Friday, July 18, 2014

The city ain't a single block: the problem of place in Legend of Korra S1

Look. I know the first season of Avatar: The Legend of Korra was kind of a train wreck. This is old news. A slew of pacing problems compounded with a perfectly misplaced love triangle, and the result was an incoherent mess that didn't address its own central theme of class-based oppression and retribution. That's old news, but it's still there, like a scab that never quite got clean.

So let's pick at it.

Avatar: The Last Airbender was, among other things, a show about travel. Every episode had us in a different part of the world, with new and magnificent sights to see and explore, and that wonder of exploration suffused the show right until the end. A new episode of Avatar promised to take us somewhere fresh and new, or later on, to return to an old, familiar place changed by war.
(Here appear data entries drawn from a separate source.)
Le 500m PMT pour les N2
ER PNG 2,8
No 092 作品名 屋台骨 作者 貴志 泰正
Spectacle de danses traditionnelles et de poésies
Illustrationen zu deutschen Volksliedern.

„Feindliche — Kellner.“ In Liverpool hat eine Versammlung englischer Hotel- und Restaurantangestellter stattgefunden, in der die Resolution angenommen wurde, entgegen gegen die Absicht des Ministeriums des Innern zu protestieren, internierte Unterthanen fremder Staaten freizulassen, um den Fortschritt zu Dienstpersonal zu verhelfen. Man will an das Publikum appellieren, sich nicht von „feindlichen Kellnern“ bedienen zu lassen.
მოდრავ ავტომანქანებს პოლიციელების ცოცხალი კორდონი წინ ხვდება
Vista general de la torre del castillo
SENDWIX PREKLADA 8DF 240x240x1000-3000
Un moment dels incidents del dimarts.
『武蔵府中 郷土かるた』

The first few episodes of Legend of Korra seemed to follow up on that promise. The first few episodes introduce us to Republic City, a booming industrial metropolis dripping with 1880s New York nostalgia. Though everything was much closer together than before, the feeling was the same. There were places to explore! People to meet! Adventures to be had!

And then it stopped.

There were still adventures going on, still new people to meet, but what had happened to that sense of wonder? Why did it suddenly feel like the city was just one big sandbox where one little building might as well be any other?
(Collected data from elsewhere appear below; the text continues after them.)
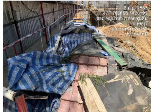
รูปที่ 8 วัสดุคลุมดิน
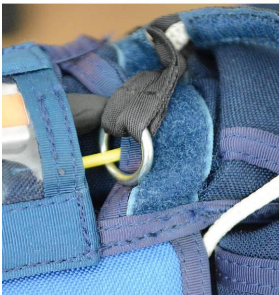
Obrázek č. 9

Zapojení kroužku mezi konci dělené hadice v horní části průkrčníku.
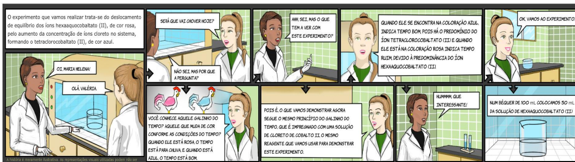
Figura 1 – HQ para o ensino de Química (MAIS UNIFRA, 2013)

Como exemplo, podemos citar o caso do Centro Universitário Franciscano, de Santa Maria, que possui um projeto onde os professores utilizam HQs para o processo de aprendizagem. Nas figuras 1, 2 e 3, é possível observar alguns exemplos:
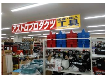
「当社初出店のアストロプロダクツ」

車やバイクを自分で整備することが好きなお客さまだけでなく、修理・点検などを行う職方向けに、約 50 坪の面積に約 3,500 アイテム ※1 の商品を取り揃えています。
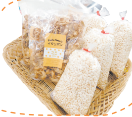
たがさぼの七夕雑貨市

▶今回も、買うことで社会貢献活動につながる、さまざまな雑貨やお菓子類が並びました。
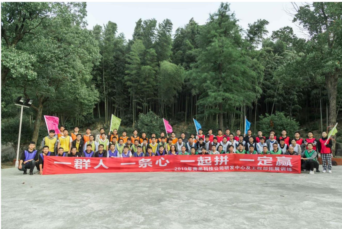
图 6.6 员工培训
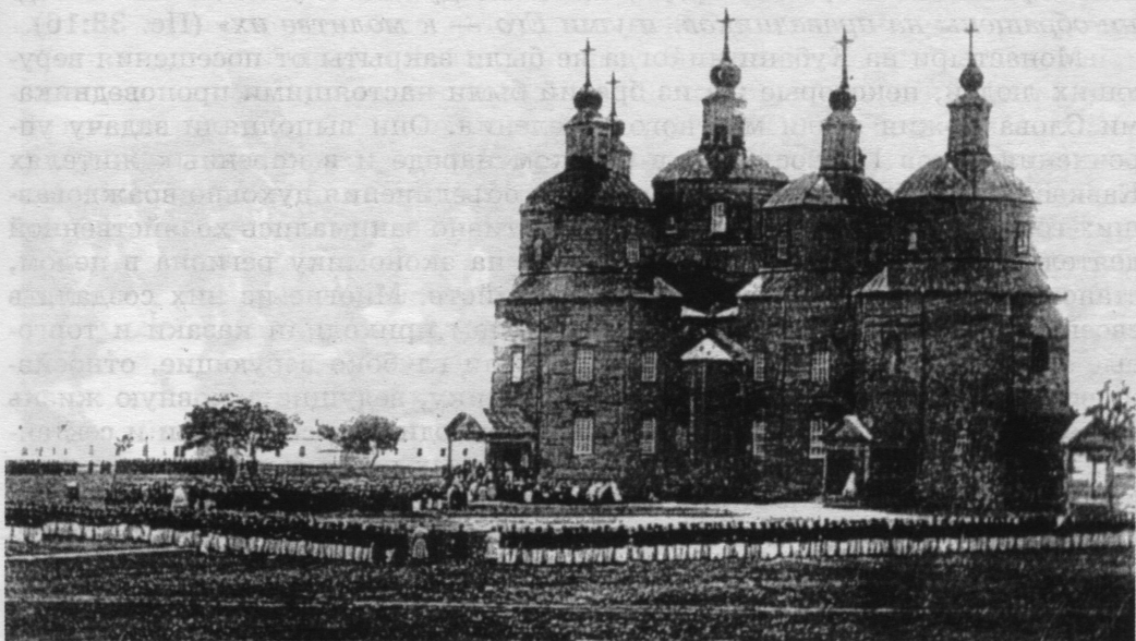
Воскресенский собор в Екатеринодаре
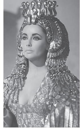
Ryc. 6. Elizabeth Taylor, za: www.threadforthought.net , data wejścia 5 IV 2008
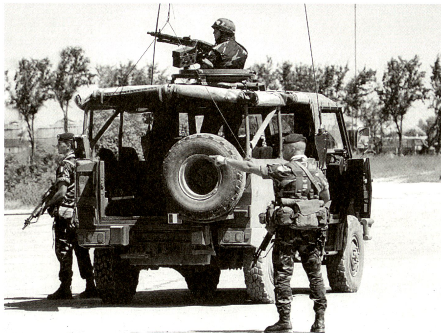
Attività di pattugliamento.

vati previa stipulazione di apposite convenzioni per le esigenze di vettovagliamento e di alloggiamento.
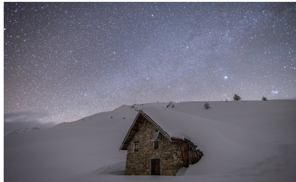
Bivouac à la Cabane de Faravel Parc National des Ecrins
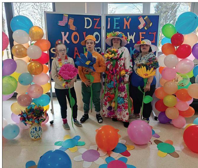
Było barwnie, kolorowo i wesoło

Tekst: Dominika Chmielewska
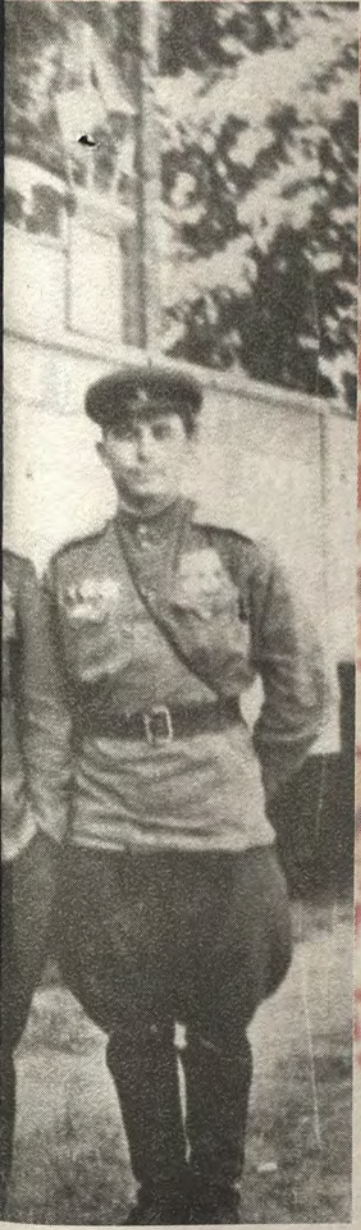
менко (слева). Германия, 1945 г.
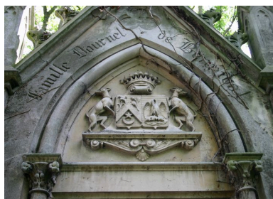
Tombeau en forme de chapelle : vue de détail sur les armoiries de la famille Dournel de Bonnival.

Because the show started treating it like that.

In real life, large cities are not monoliths. From neighborhood to neighborhood, block to block, architecture varies, income varies, culture varies. In its own way a city is as diverse as the wilderness of the original Avatar, just more compact. And, more to the point of Korra's central conflict, stratified by class.

By flattening out Republic City, making one neighborhood the same as the next, the first season of Korra fails to depict the unstable and stratified society on which its conflict rests. It's not the show's biggest fault, but with it comes the loss of that sense of exploration and wonder I miss so much from the original Avatar.